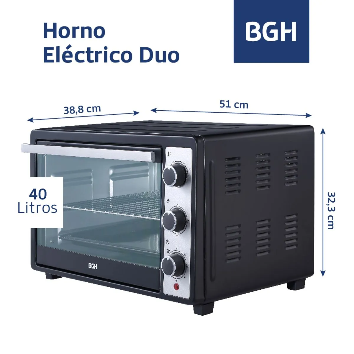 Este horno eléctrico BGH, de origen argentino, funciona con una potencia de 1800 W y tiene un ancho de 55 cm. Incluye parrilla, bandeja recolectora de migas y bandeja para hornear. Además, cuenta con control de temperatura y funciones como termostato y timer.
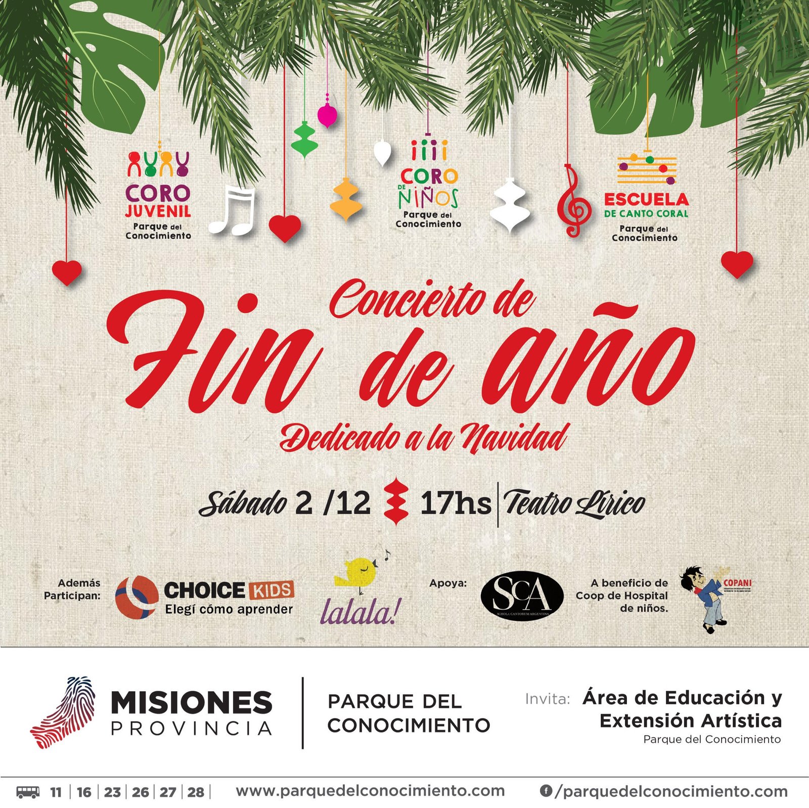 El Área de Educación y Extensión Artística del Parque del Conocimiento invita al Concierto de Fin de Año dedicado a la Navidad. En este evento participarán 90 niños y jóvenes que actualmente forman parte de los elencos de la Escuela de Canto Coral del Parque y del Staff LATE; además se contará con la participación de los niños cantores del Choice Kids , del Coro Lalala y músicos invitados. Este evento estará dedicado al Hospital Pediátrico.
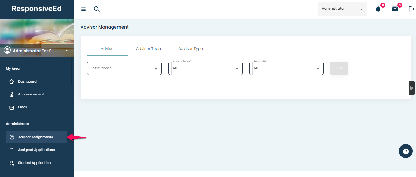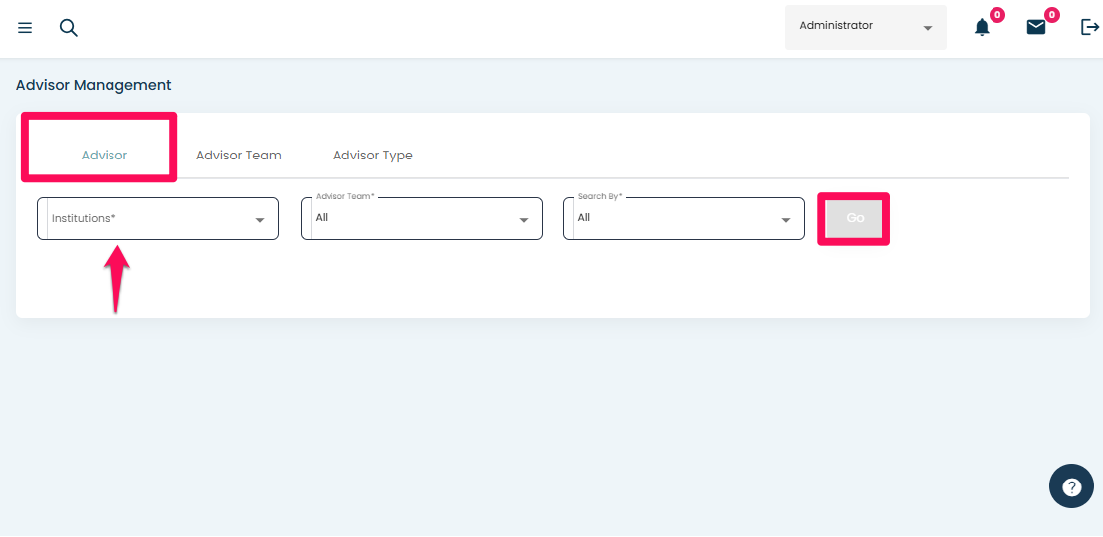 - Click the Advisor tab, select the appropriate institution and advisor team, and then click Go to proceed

········

### WHAT TO PRODUCE
Exclude the pictures from the copy. Retype exactly the lines running from the one containing "El Área de Educación" through the last line of the listing.

### OUTPUT BELOW
 El Área de Educación y Extensión Artística del Parque del Conocimiento invita al Concierto de Fin de Año dedicado a la Navidad. En este evento participarán 90 niños y jóvenes que actualmente forman parte de los elencos de la Escuela de Canto Coral del Parque y del Staff LATE; además se contará con la participación de los niños cantores del Choice Kids , del Coro Lalala y músicos invitados. Este evento estará dedicado al Hospital Pediátrico.
 - Click the Advisor tab, select the appropriate institution and advisor team, and then click Go to proceed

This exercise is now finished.